The National Republican Congressional Committee is reporting its most robust fundraising first quarter in its history. Evidence, the committee’s chairman says, of strong support for House candidates and the GOP agenda less than seven months out from the midterm elections.
NRCC’s record haul comes as congressional Republicans continue to lag Democrats in generic preference polls.
According to figures provided to The Federalist by the NRCC, the committee raised $47.1 million between January and March. It closed the quarter last month with $28.1 million in funds, the NRCC’s best March on record.
“This historic fundraising quarter proves House Republicans have a tremendous amount of enthusiasm behind our agenda to lower costs and keep Americans safe,” NRCC Chairman Richard Hudson, said in a statement issued to The Federalist.
“House Republicans are united, battle-tested, and building the financial firepower to protect our majority and take the fight directly to Democrats’ extreme agenda,” Hudson added.
‘Poised to Dominate’
House Republicans, which hold a razor-thin majority, will need all the help they can get since midterms are historically unkind to the party in power.
Democrats have reportedly raked in “gargantuan” fundraising totals in the first quarter.
Troubled liberal candidate fundraising platform ActBlue recently announced raking in $568 million in the first quarter, its best opening quarter ever. ActBlue claims $391 million of the haul was marked for federal campaigns, while $119 million was raised for state and local candidates.
Much of the press release is the platform’s defense of its practices and fraud protections as Republican committees investigate ActBlue’s conduct amid allegations of wrongdoing.
The Democratic Congressional Campaign Committee boasts that “Democrats and Red to Blue candidates dominated in first-quarter fundraising.” DCCC asserts Dems outraised Republicans in 42 battleground districts.
DCCC spokesman Liam Buckley asserts the “enormous fundraising numbers prove that Democrats have the money, momentum, and message to take back the House this November.”
“With commanding leads across the battleground — including against a number of high profile Republican incumbents — Democrats are poised to dominate the final six months of the midterm campaign and deliver on lowering costs for the American people,” he said in a statement.
But not so fast.
‘Waiting in the Wings’
The Republican National Committee holds a significant money lead over its Democratic counterpart — bringing in nearly seven times more in campaign contributions, according to the lates FEC filings. The RNC reported more than $109 million cash on hand at the end of March, compared with $15.9 million for the Democratic National Committee. The DNC also was carrying $17.37 in debts.
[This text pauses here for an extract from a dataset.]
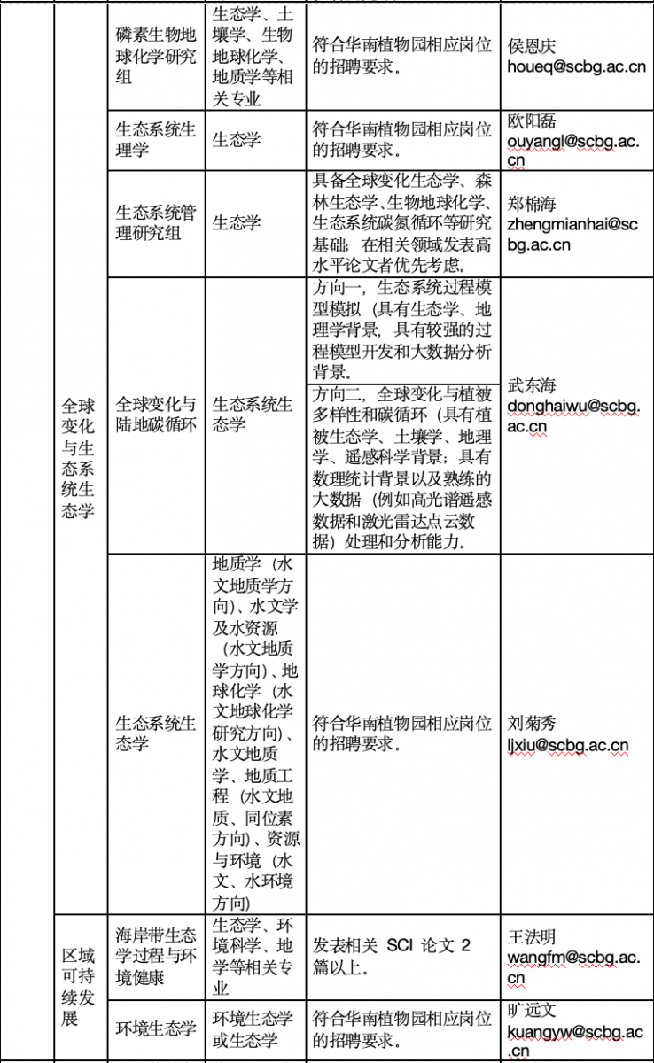 应聘材料:有意应聘者请填写《中国科学院华南植物园岗位应聘申请表》,并将身份证、学历、学位证书复印件及相关论文、专利、专著及代表性(海角论坛复印件)、获奖证书复印件等证明材料发送至相应岗位的联系人,邮件主题请写“姓名-应聘XX岗位”。

The RNC was in a comparatively strong funding position heading into the midterm election year.
“As Democrats have struggled in the Trump era, the RNC tallied $172 million raised in 2025, with $95 million cash on hand at year’s end. In contrast, the Democratic National Committee posted $145 million for the year, with $14 million on hand — and $17 million in debt, to start the new year underwater,” silive.com reported.
Call it the Trump factor. The president’s allies are sitting on hundreds of millions of dollars that can be injected into races in the months ahead.
“Waiting in the wings for Republicans is a super political action committee tied to Trump — MAGA Inc. — which has more than $300 million cash on hand, according to the FEC,” the leftist PBS reported in a piece about Senate Democratic candidates outraising Republicans.
Expect a lot more money pouring in from lib billionaire sugar daddies, the Soros gang, Big Tech players, and big labor.
Money, of course, only goes so far in winning campaigns — and keeping or taking back control of congress.
Message and Resume Problem
Democrats sound cocky, pointing to polls showing President Trump well underwater. But they ignore — at their own peril — their biggest weakness: themselves. Americans in the main rejected the far-left agenda of social reengeering, higher taxation, and radical opposition to immigration laws, in the 2024 presidential election. A CNN poll released earlier this month found just 28 percent of Americans held a favorable view of the Democratic Party. That has much to do with how radical the party has become in recent years.
But the GOP doesn’t fare that much better. About one-third (32%) of those surveyed had a favorable opinion of the Republican Party.
Generic polls on which party’s candidate voters would support in November election show Democrats with a moderate edge of from 2 to 6 percentage points, according to an analysis published Sunday in the New York Times.
Republicans currently have a message and resume problem. The successes they’ve had in the current session — tax relief at the top of that list — have been lost in an ineffective voter education campaign. And most of the biggest wins have come from the president’s pen. The Republican-controlled Congress has failed to codify the government reforms and liberty protections Trump pushed through by executive order.
Republican House members have had a much better record of action than their friends in the Senate, who have failed to deliver on an election integrity bill that the vast majority of voters support.
To borrow very loosely from Neil Diamond, money talks, but it can’t make unmotivated Republicans feeling underwhelmed by their party leaders get out and vote.